What’s the secret to getting the most nutrition, taste, and true pancake texture out of oatmeal gluten-free pancakes?
Mashed bananas, nutritional yeast, and sweet rice flour. Seriously. You’ll be so full and satisfied you’ll likely not eat again until dinner!
(And if you can’t find nutritional yeast or sweet rice flour, no worries. These are delicious without it too!)
Did I forget to mention the BACON? Now, for you vegans out there, trust me this is just as delicious without (try sprinkling on some smoked salt after you pour the batter into the skillet to build that extra layer of flavor). But if you are so inclined, adding bacon to this recipe gives it that bit of savory balance to the banana’s sweetness that I know you’ll love.
These are hearty pancakes for sure, so freeze some for later. You’ll love them toasted and topped with seed or nut butter.
How This Banana Oatmeal Gluten-Free Pancake Recipe is Better
There are so many nutrients to celebrate in the ingredients I chose for this recipe.
- I used our Double Protein Oats as the base of this recipe, so you’ll get about double the protein you’d get using other typical oatmeal brands and more fiber and iron.
- I added a small amount of nutritional yeast because it is high in Lycine, an essential amino acid that complements our oats to ensure the protein in them fully bioavailable.
- There’s no sugar added! All you need is the sweetness of the banana. For those who like more sweetness, I recommend mashing extra banana and putting it on top of your stack.
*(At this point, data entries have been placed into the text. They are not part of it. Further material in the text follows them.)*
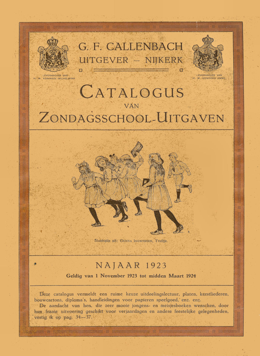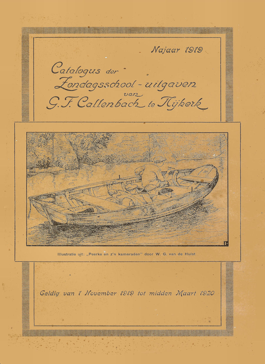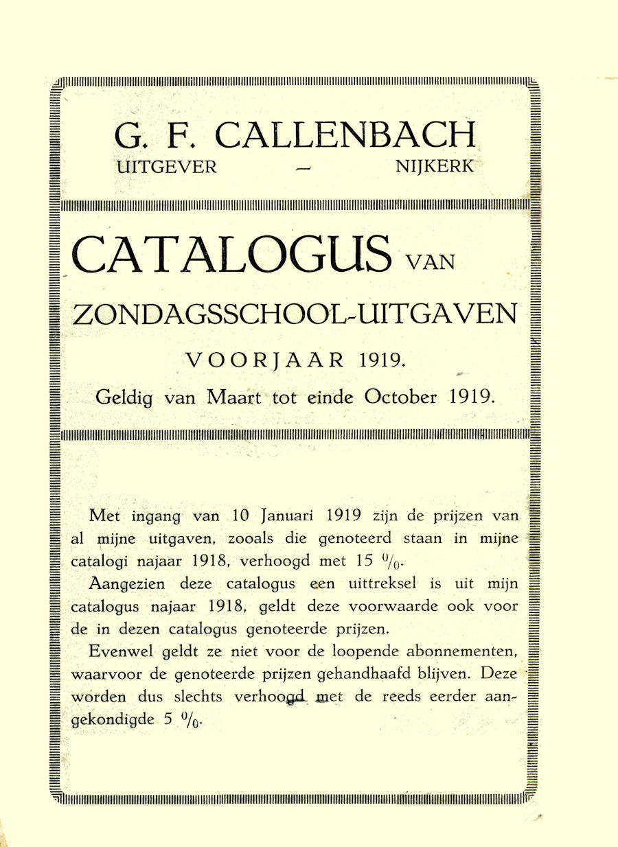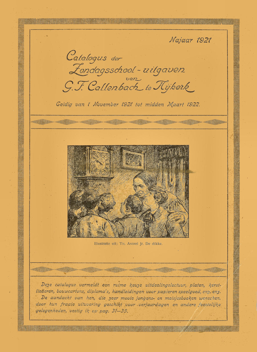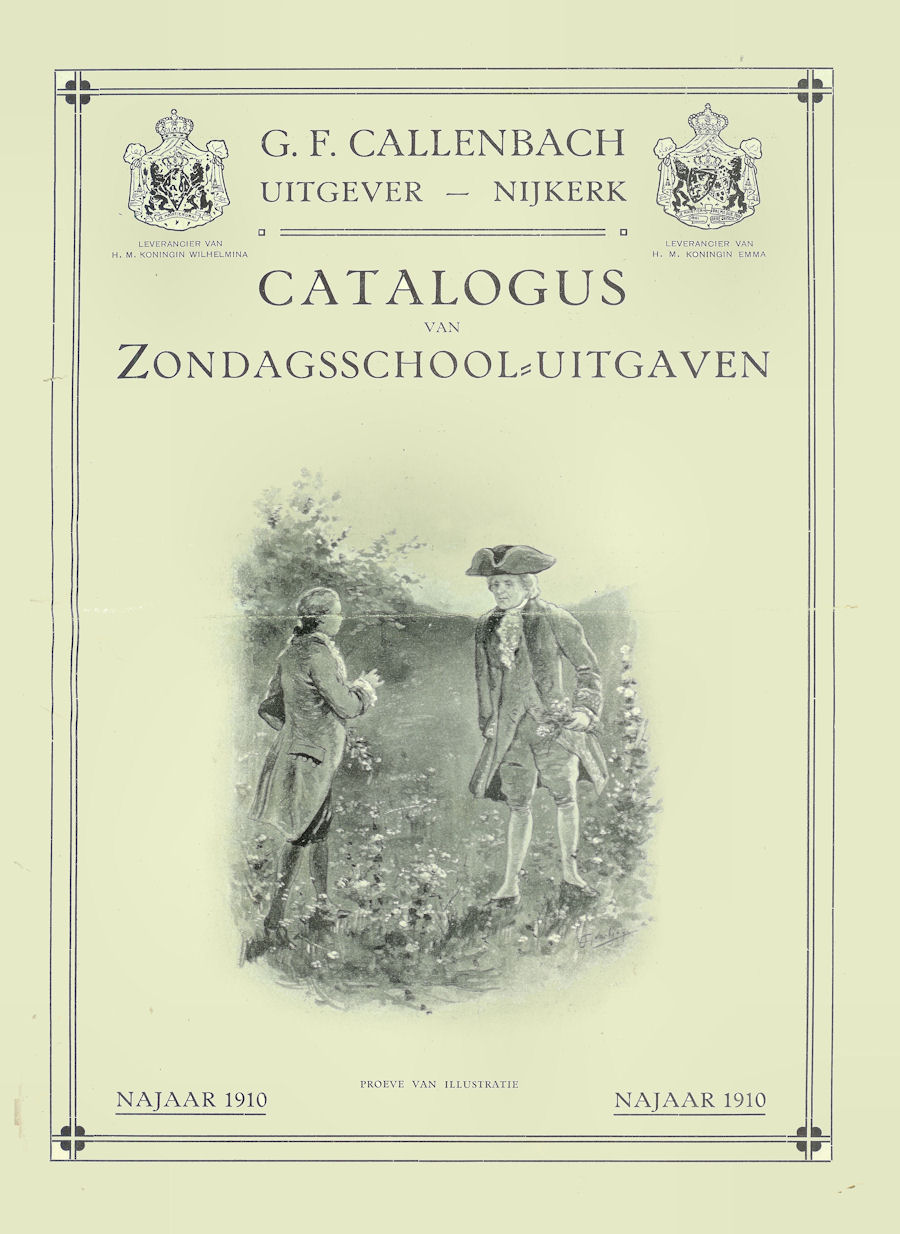 Van een aantal uitgevers van zondagsschoolboekjes, zoals Callenbach, Meinema, Milborn, Voorhoeve, zijn hier catalogi opgenomen. Ze vormen een bron van informatie over welke boeken er verschenen zijn en wanneer. Alle relevante informatie eruit is verwerkt op deze website. Bij het LM, het Letterkundig Museum, berust een groot deel van het archief van de uitgever Meinema, met name catalogi, brochures en originelen van illustraties. Ook bij het HDC, het Historisch DocumentatieCentrum aan de VU te Amsterdam berust een deel van het Meinema-archief waaronder ook catalogi. Door de welwillende medewerking van Stichting Oud Nijkerk zijn er een zeer groot aantal catalogi van uitgeverij Callenbach opgenomen kunnen worden.
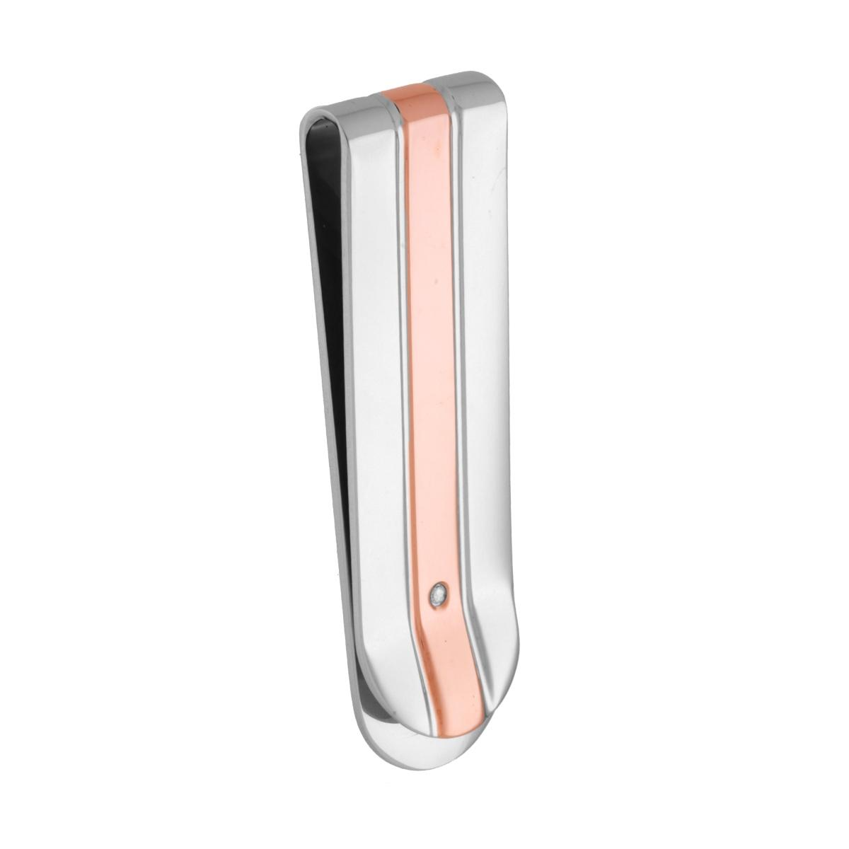 Fermasoldi con lavorazione liscia e lucida, con fascia colore rosè e cubic zirconia bianco incastonato.
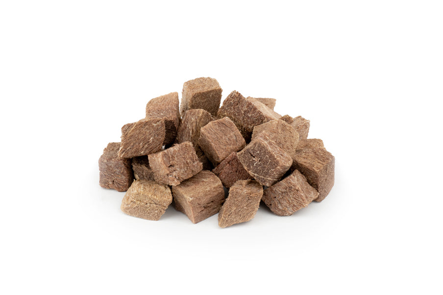 No additives or preservatives—just clean meat freeze-dried into convenient bite-size cubes. Great for training, meals, or on-the-go.
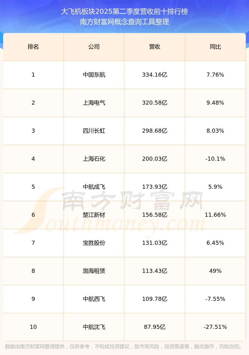 按照南方財(cái)富網(wǎng)概念查詢(xún)工具統(tǒng)計(jì),該股所屬板塊為大飛機(jī)板塊,該板塊共有162只股票,中國(guó)東航2025第二季度營(yíng)收在該板塊中排名為第1名,該板塊2025第二季度營(yíng)收排名前十的股票如下表:
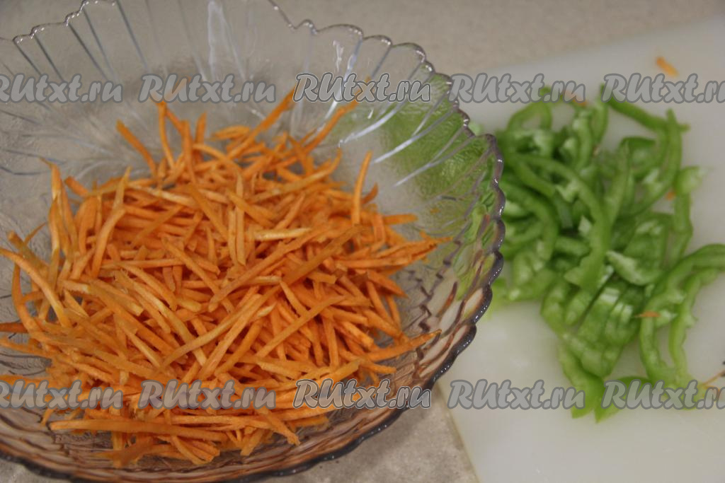 Болгарский перец вымыть, очистить его от семечек и нарезать на длинные полоски. Огурец вымыть. Морковь почистить. Натереть морковь и огурец на тёрке для корейской моркови (или нарезать на длинные брусочками).
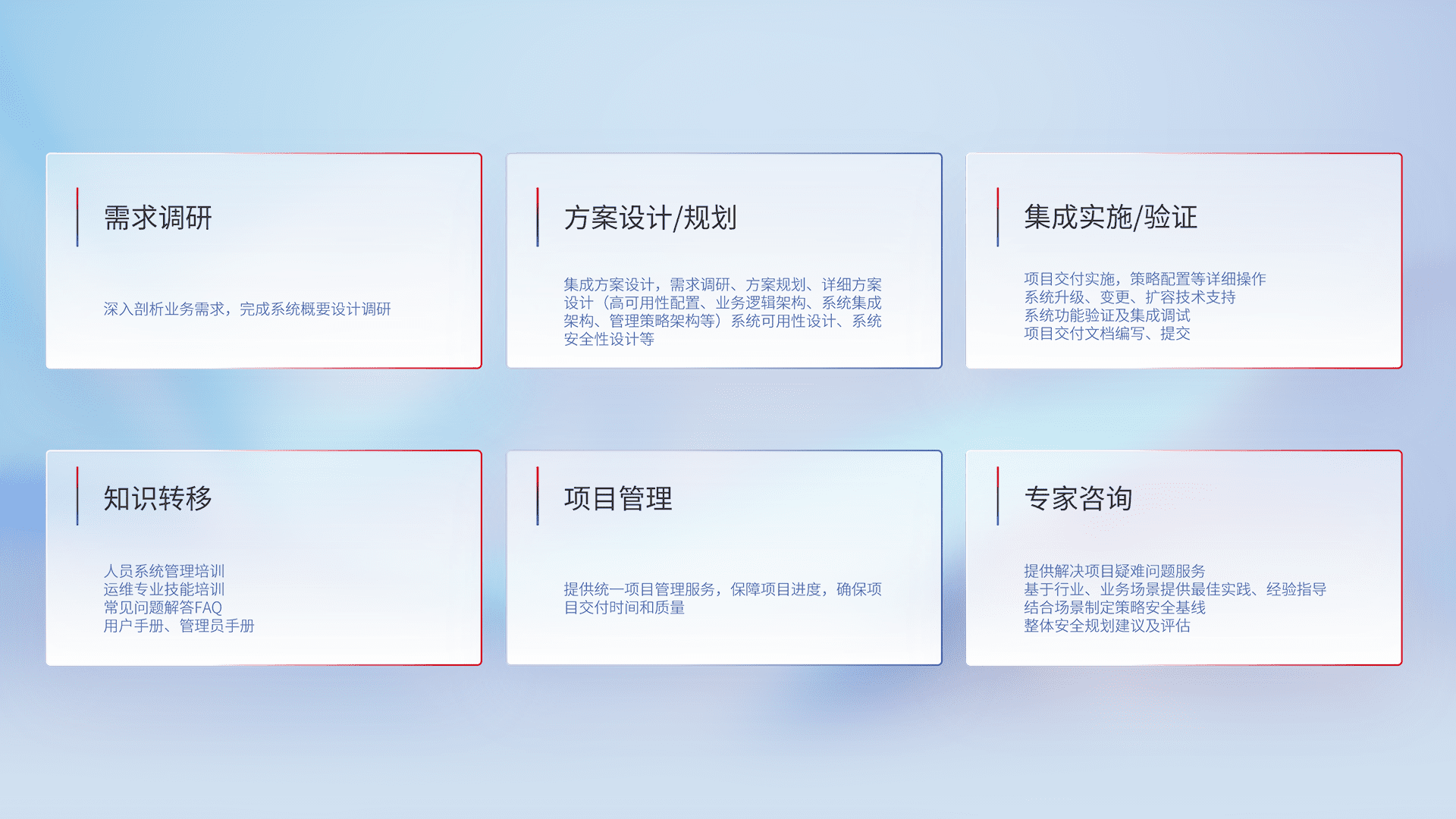针对客户行业特性,,将宏观的安全战略和需求,,通过专业的交付服务,,实现项目落地,,,为客户提供标准规范的集成交付服务。。。。
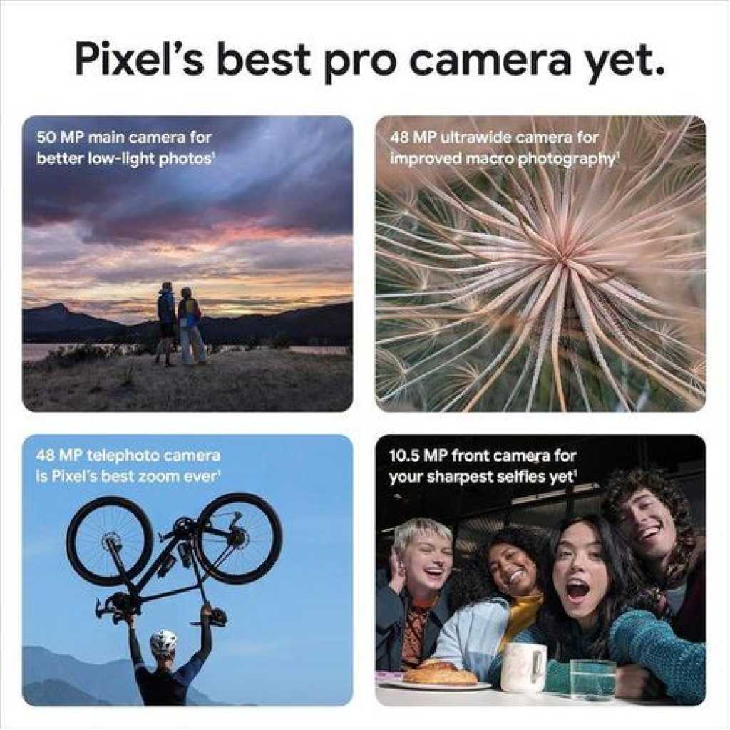 Using Google AI, Pixel makes it easy to create amazing photos and videos, manage daily to-dos, and keep your info safe. Using Google AI, Pixel makes it easy to create amazing photos and videos, manage daily to-dos, and keep your info safe. Advanced camera features like Macro Focus and Real Tone help you take beautiful photos and videos in any light. Using Google AI, Photo Unblur and Magic Eraser make it easy to remove blur and distractions.15 Seamlessly transfer your contacts, photos, messages, and more. It comes with all your favorite Google apps. Plus, Pixel works well with compatible devices, even ones from another brand. Google Fi Wireless makes it easy for families to stay connected with 4G LTE, nationwide 5G for supported phones, hotspot tethering, and more. Key Features: NETWORK Technology: GSM / HSPA / LTE / 5G SIM: Nano-SIM and eSIM Size: 6.7 inches, 108.7 cm2 (~87.4% screen-to-body ratio) PLATFORM: OS Android 14 Internal: 256GB 12GB RAM MAIN CAMERA: Triple 50 MP WLAN Wi-Fi 802.11 a/b/g/n/ac/6e/7, tri-band, Wi-Fi Direct Bluetooth: 5.3, A2DP, LE, aptX HD USB: USB Type-C 3.2 BATTERY Type: Li-Ion 5050 mAh, non-removable
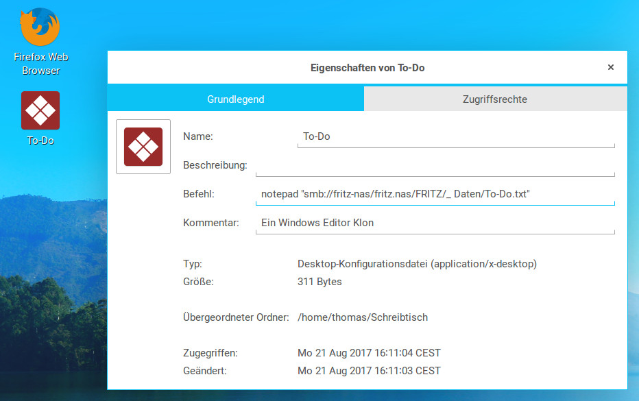 I want to make a shortcut-icon on the desktop. my file To-Do.txt on network-device.
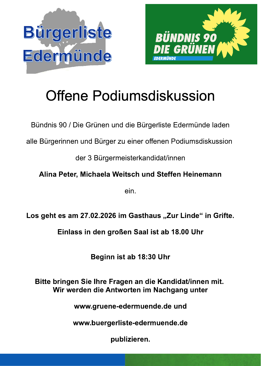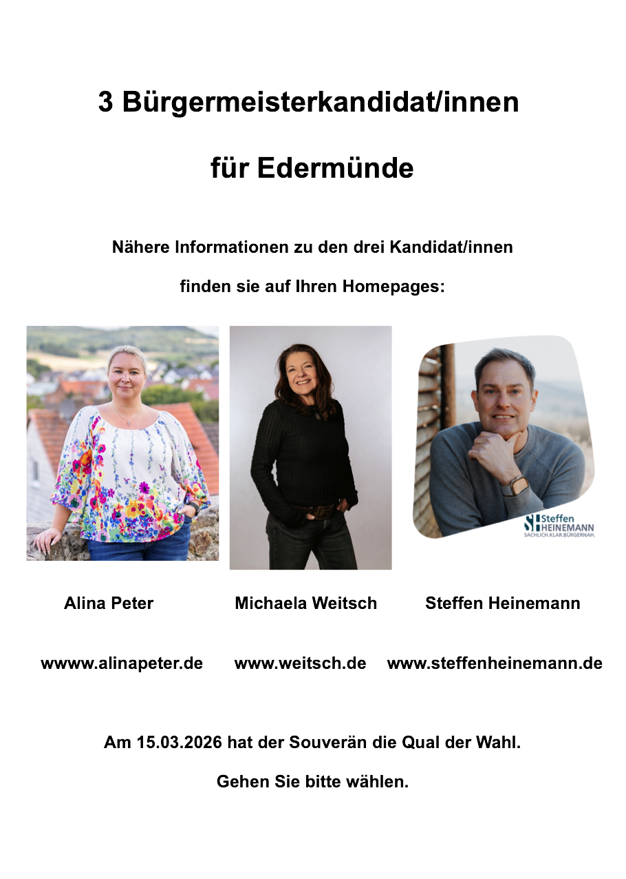 Es liegt nun an den Bürgerinnen und Bürgern, am 15. März 2026 über neue politischen Mehrheiten zu entscheiden. Die Bürgerliste Edermünde steht bereit.
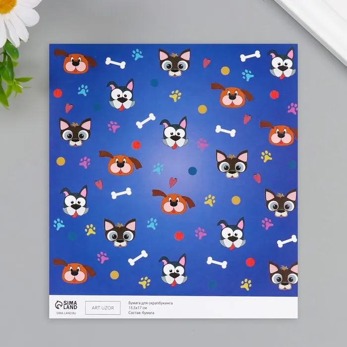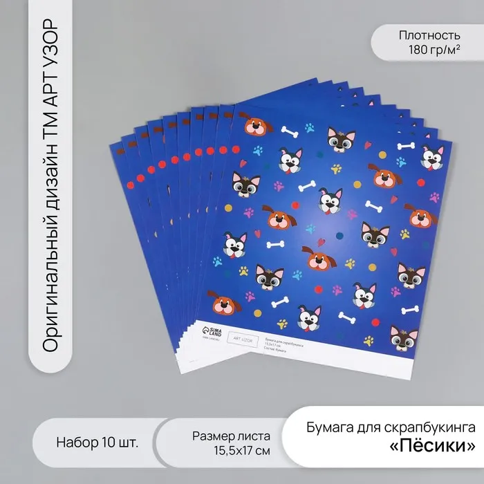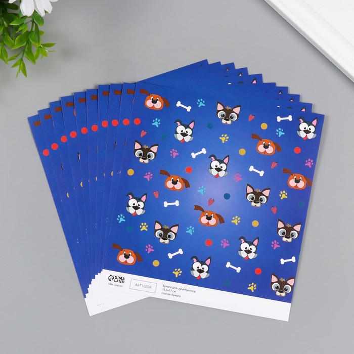 Бумага для скрапбукинга «Пёсики», плотность 180 г, набор 10 шт., 15.5×17 см — Характеристики
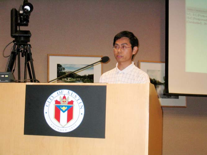 在世界法轮大法日当天,大法弟子在市议会向市长、市议员及市民介绍法轮大法洪传世界12年,使上亿人道德提升、身心受益,却遭到江氏集团持续近5年的残酷迫害。同时赠送每位市府官员一朵纸莲花以庆祝世界法轮大法日并感谢他们长期以来对法轮大法的支持。
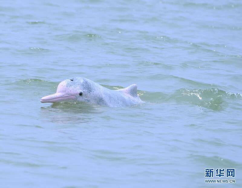 在广西钦州市三娘湾海域,一头野生中华白海豚在自由嬉戏(2018年6月10日摄)。新华社记者 周华 摄
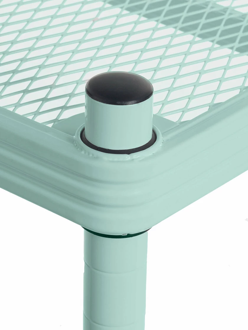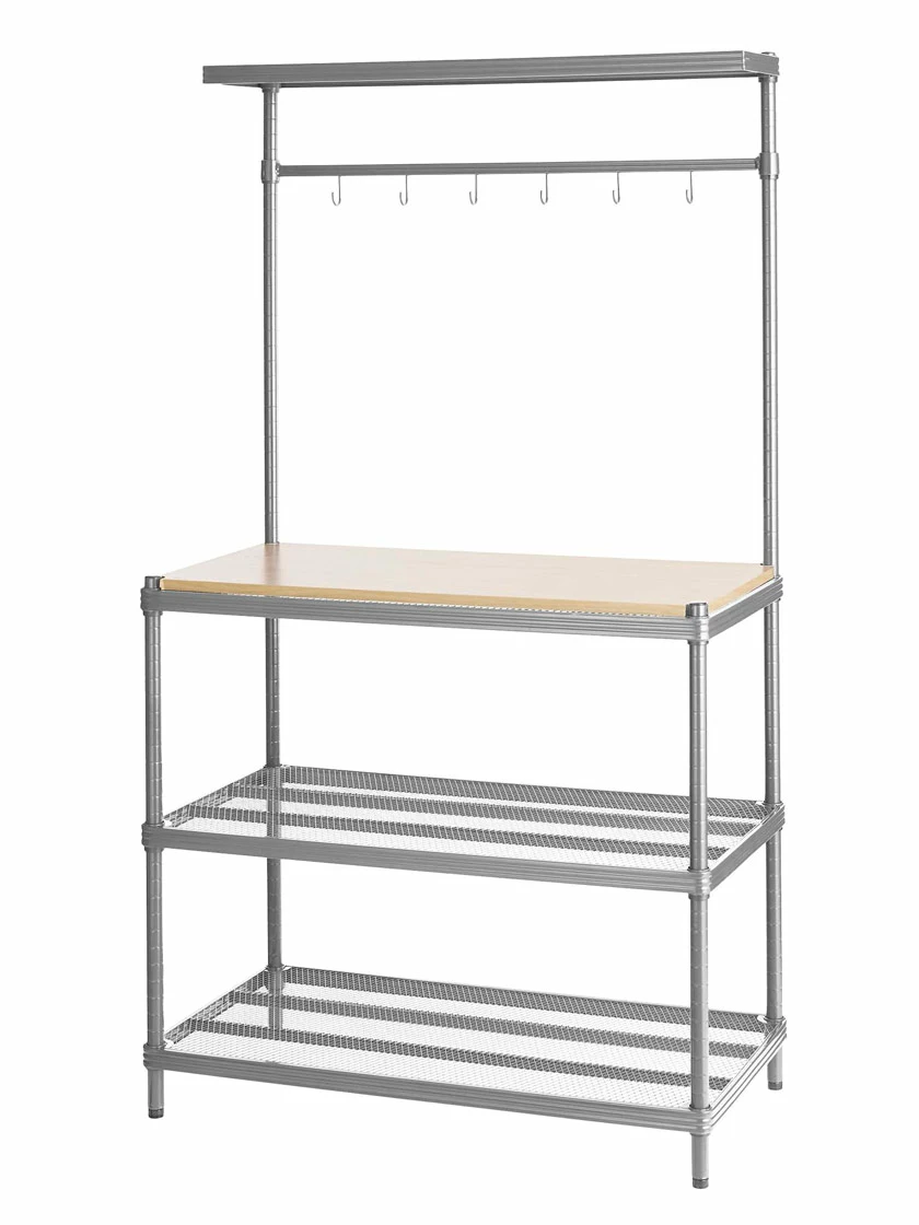 Traditional wire shelves can cause a headache as items can fall through the wide gaps on the shelves. Our brilliantly engineered mesh shelving units use a larger gauge of expanded metal mesh for style, strength and functionality. Each shelf has a weight limit of 440 pounds to safely hold everything from small knick knacks to large, heavy bins. The utility unit includes 4 adjustable shelves, a hook rack with 6 hooks, and a removable wood top work surface. Use in your prep area, the garage or garden shed to organize tools and potting supplies.

Banana Oatmeal Gluten-Free Pancakes
The number of gluten-free pancakes this makes depends on the size you make them! For me, it made about 12 pancakes 5″ across. Be sure to stretch out the batter in the pan like we do in the video below. If you do this quick step, you will have perfectly browned (not burned) oat pancakes.
- 1C mashed banana + 1/2C more to serve on top
- 2 eggs (omit if allergic)
- 1T ghee or mild olive oil
- 1/4C water
- 1T vanilla
- 1.5C ZEGO Double Protein Oats flour (to make flour, grind oats in the food processor or high-speed blender for 1-2 minutes)
- 1/4C sweet rice flour (if you don’t have this, increase your oats by the same amount. Sweet rice flour lightens the pancakes and make them a bit more chewy–more like wheat pancakes. But they are delicious either way.)
- 1T nutritional yeast (you can omit or sub regular or dairy-free parmesan cheese)
- 1t baking soda
- 1/4t baking powder (or corn-free alternative)
- 1 pink or sea salt (or if not using bacon, try using smoked salt!)
- 1T cinnamon
- 2-4 slices of cooked bacon cut into bits (if omitting bacon, try sprinkling the top of the raw side of the pancake with some smoked sale once you put the batter in the pan)
- Mix together wet ingredients, leaving 1/2C mashed banana for topping.
- Whisk together dry ingredients except bacon if using.
- Add wet ingredients to dry with bacon and mix until combined. Do not over mix.
- Cook on a low over the stove or at 325 on an electric skillet. Oat pancakes take longer to cook than regular ones. To prevent burning, use a fork to gently spread out the batter on the pan to make the pancake thinner.
- Top with extra mashed banana or enjoy on their own.